*** Begin section ***

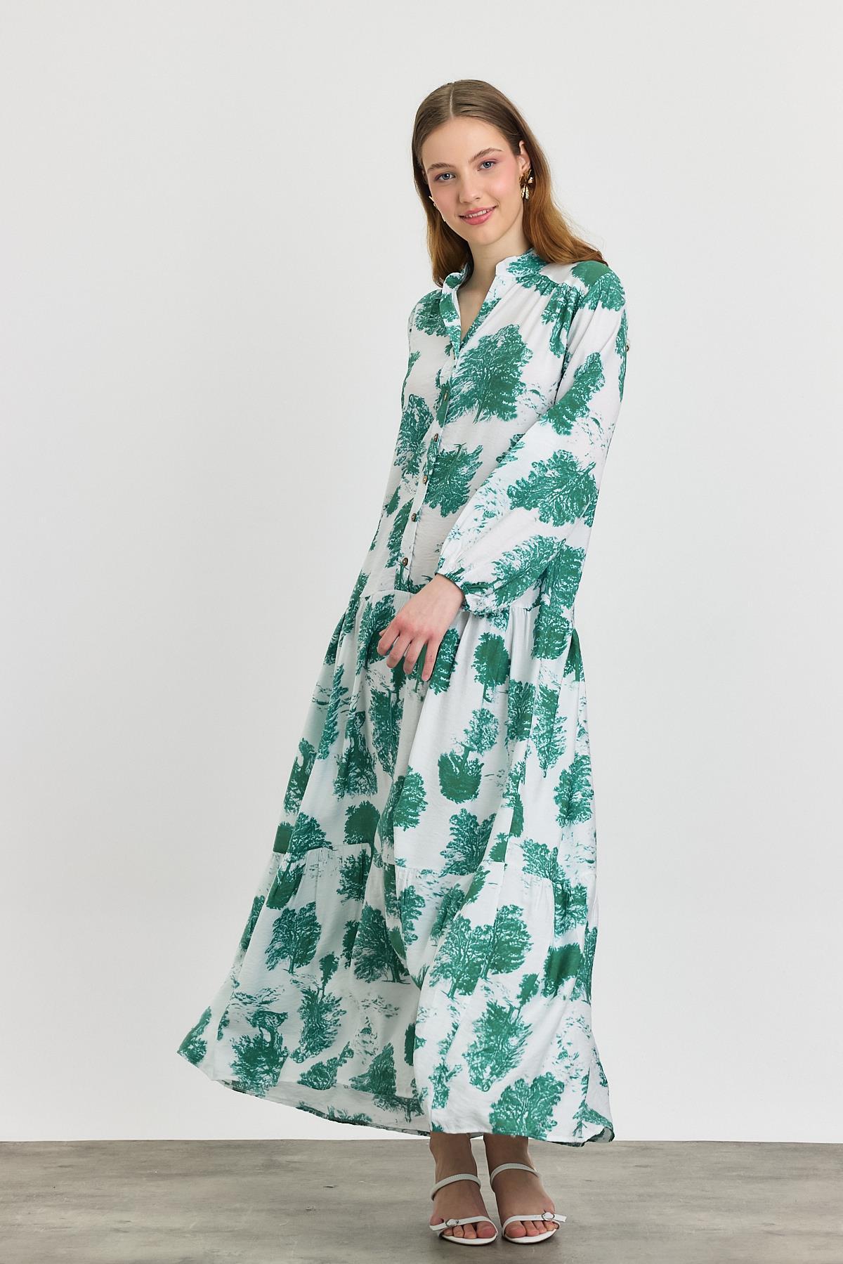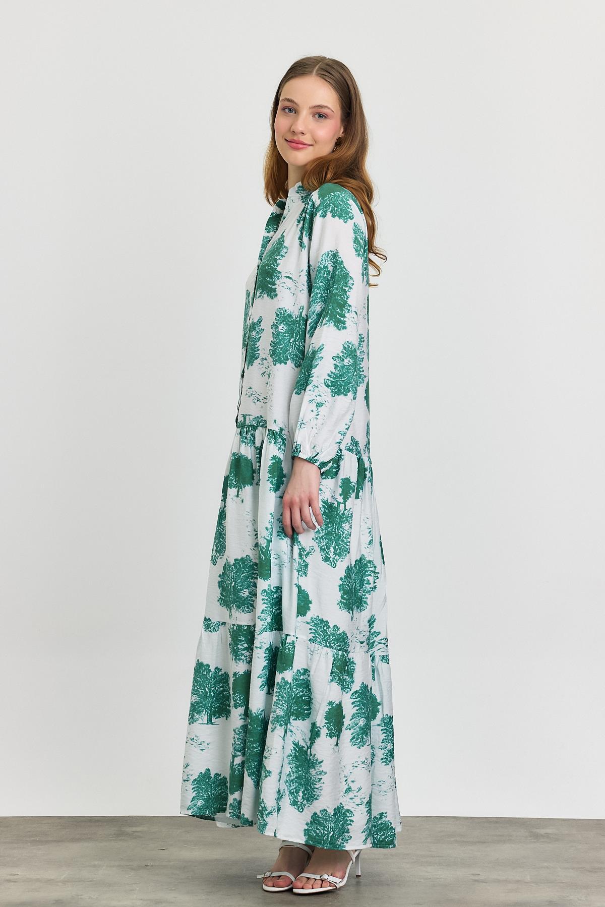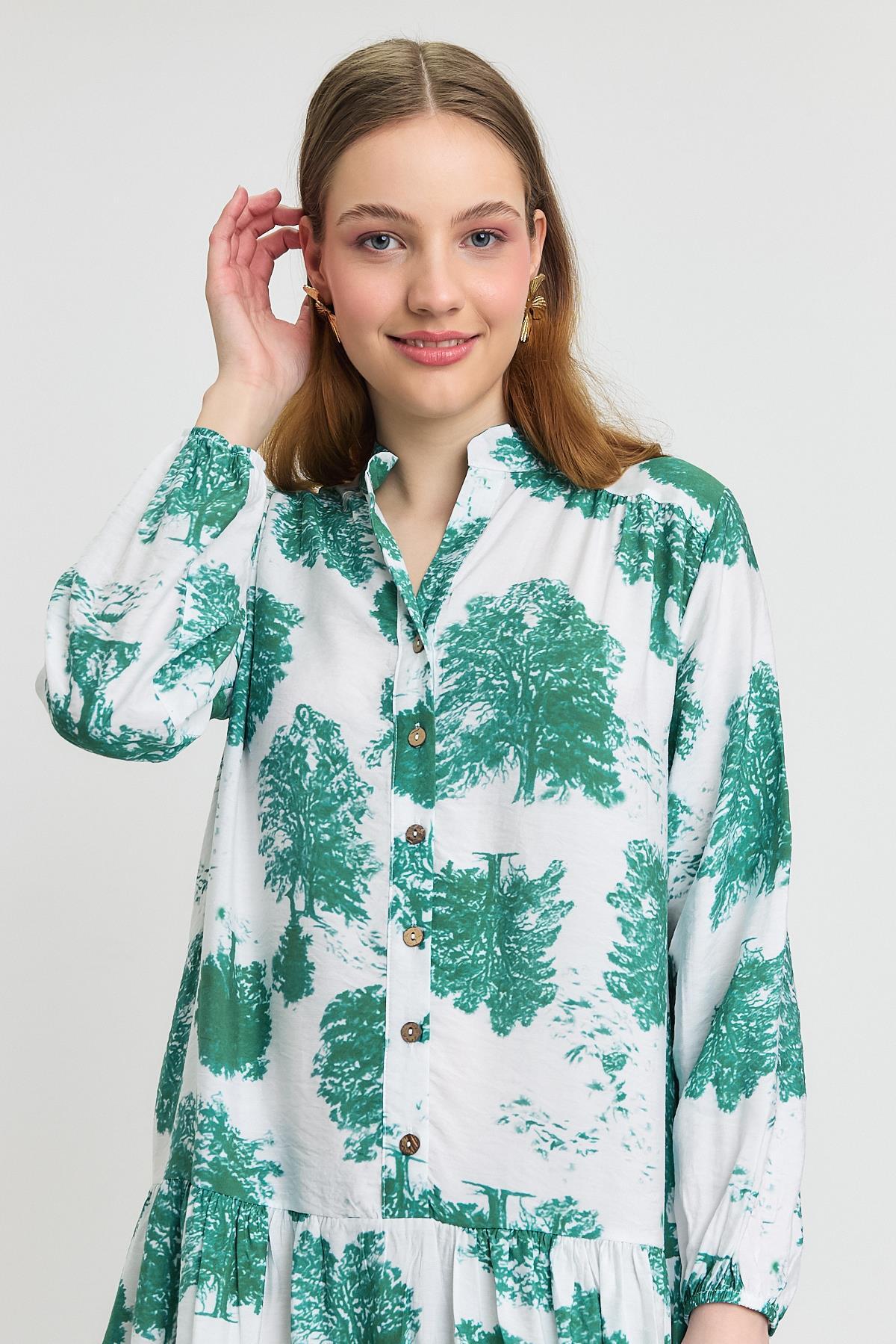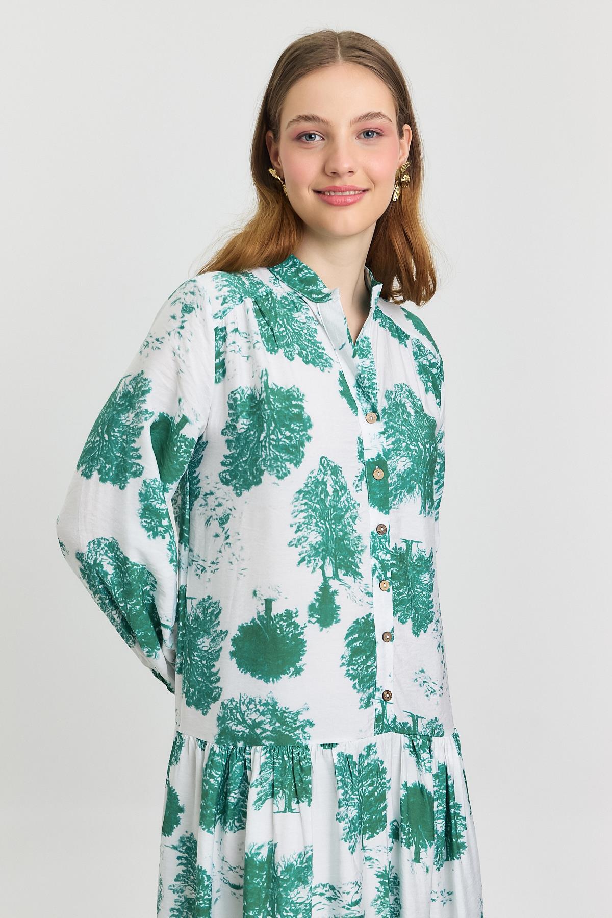 Turkuaz Ağaç Desen Düğmeli Elbise 4465A
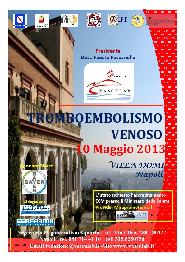 Il programma del convegno "Tromboembolismo venoso" che si svolgerà a Napoli, presso la Villa Domi, il 10 maggio 2013. L'evento è riservato solo a Medici delle specialità Chirurgia Vascolare, Chirurgia Generale, Cardiologia Medicina Interna, Medicina Generale, Radiologia. la registrazione deve avvenire solo online sul sito Vasculab.it
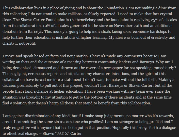 Earlier today, Jay Z took to his website Life and Times to release an official statement on the matter detailing the extent of the business partnership, his views on the racial discrimination accusations, and his course of action.
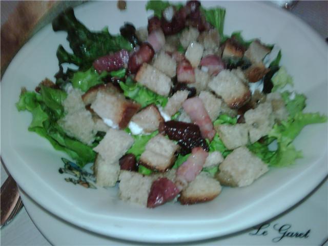 Continuing my quest for authentic Lyonnais cuisine, I again made my way to rue du Garet for lunch at Le Garet (7, rue du Garet – 69001 Lyon; 33 04 7828 1694). I noticed upon entering that this would be the real deal. After being seated at the communal table with a bunch of locals, I began my meal with the Salad Lyonnais. Crisp romaine lettuce, croutons, poached egg and lardons. A classic preparation and very good as the dressing didn’t overpower the egg.
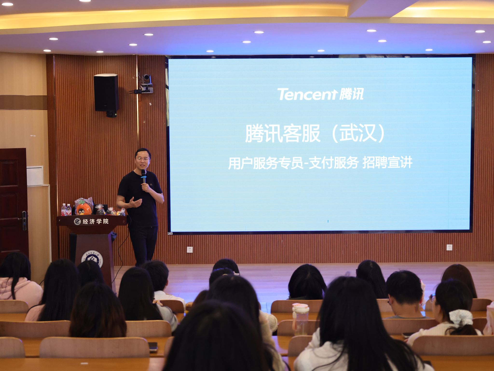 宣讲会上,徐总既做岗位宣讲,也为同学们带来一场深刻的职业规划指导课。他强调“第一份工作的重要性”,并展现了腾讯客服岗位的独特价值与发展潜力,现场互动热烈,亮点频出。
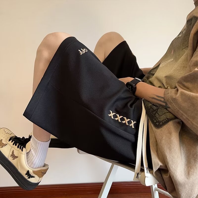 美式潮牌字母刺绣短裤男夏季百搭宽松直筒青少年休闲运动五分裤子
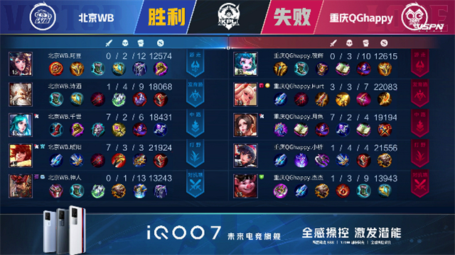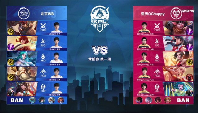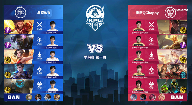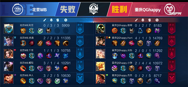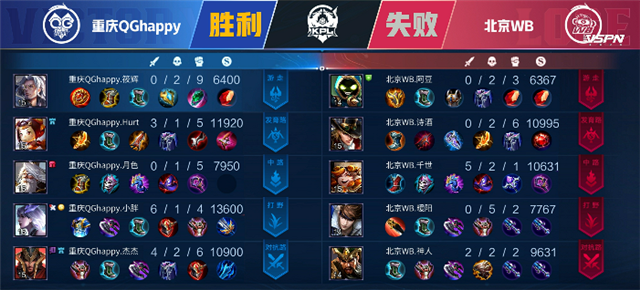 开局重庆QGhappy猪八戒换线到中路。1分51秒下路一塔团战,不知火舞拿下一血,2分钟重庆QGhappy拿下暴君。2分47秒廉颇入侵蓝区被王昭君击杀。4分30秒下路爆发团战,北京WB打出0换3并顺势推掉下路一塔。6分24秒北京WB主宰逼团,蔡文姬被击杀。6分40秒上路一塔北京WB越塔爆发团战打出1换1,重庆QGhappy顺势推下北京WB中一塔和上一塔。7分40秒重庆QGhappy拿下主宰。10分钟重庆QGhappy拿下暴君。11分20秒大乔老夫子带线偷掉下路二塔。11分55秒北京WB下路二塔爆发团战,重庆QGhappy打出1换2。13分钟娜可露露拿下主宰。16分10秒重庆QG上路逼团击杀王昭君并推掉二塔。17分40秒北京WB推掉中一塔。18分27秒在上路野区小胖被暖阳击杀。20分钟28秒大乔老夫子偷掉上路一塔。21分39秒北京WB风暴龙王逼团,重庆QGhappy打出0换3,22分23秒重庆QGhappy强推高地公孙离被击杀。23分17秒北京WB拿下风暴龙王。23分48秒北京WB推掉下路高地塔。24分40秒北京WB上路逼团老夫子被击杀,25分钟重庆QGhappy中路高地塔被破。27分40秒中路下河道草爆发团战重庆QGhappy打出1换2。29分8秒中路下河道草再次团战,北京WB打出1换5。29分30秒北京WB推掉水晶拿下本局比赛。
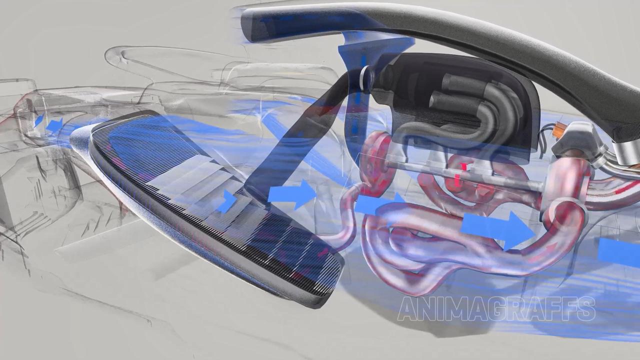 它负责三项,电池系统冷却,机油系统冷却和内燃机的水路冷却。后方还有一个小型散热器,图中的三角形,负责液压系统,变速箱,和ERS系统的散热。这就是F1赛车散热主要系统的构成。

*** End section ***

Task to carry out - The lines to write out run from the one containing "开局重庆QGhappy猪八戒" through the final line of the material above, both included; write them out exactly, with no pictures.

Your response -
 开局重庆QGhappy猪八戒换线到中路。1分51秒下路一塔团战,不知火舞拿下一血,2分钟重庆QGhappy拿下暴君。2分47秒廉颇入侵蓝区被王昭君击杀。4分30秒下路爆发团战,北京WB打出0换3并顺势推掉下路一塔。6分24秒北京WB主宰逼团,蔡文姬被击杀。6分40秒上路一塔北京WB越塔爆发团战打出1换1,重庆QGhappy顺势推下北京WB中一塔和上一塔。7分40秒重庆QGhappy拿下主宰。10分钟重庆QGhappy拿下暴君。11分20秒大乔老夫子带线偷掉下路二塔。11分55秒北京WB下路二塔爆发团战,重庆QGhappy打出1换2。13分钟娜可露露拿下主宰。16分10秒重庆QG上路逼团击杀王昭君并推掉二塔。17分40秒北京WB推掉中一塔。18分27秒在上路野区小胖被暖阳击杀。20分钟28秒大乔老夫子偷掉上路一塔。21分39秒北京WB风暴龙王逼团,重庆QGhappy打出0换3,22分23秒重庆QGhappy强推高地公孙离被击杀。23分17秒北京WB拿下风暴龙王。23分48秒北京WB推掉下路高地塔。24分40秒北京WB上路逼团老夫子被击杀,25分钟重庆QGhappy中路高地塔被破。27分40秒中路下河道草爆发团战重庆QGhappy打出1换2。29分8秒中路下河道草再次团战,北京WB打出1换5。29分30秒北京WB推掉水晶拿下本局比赛。
 它负责三项,电池系统冷却,机油系统冷却和内燃机的水路冷却。后方还有一个小型散热器,图中的三角形,负责液压系统,变速箱,和ERS系统的散热。这就是F1赛车散热主要系统的构成。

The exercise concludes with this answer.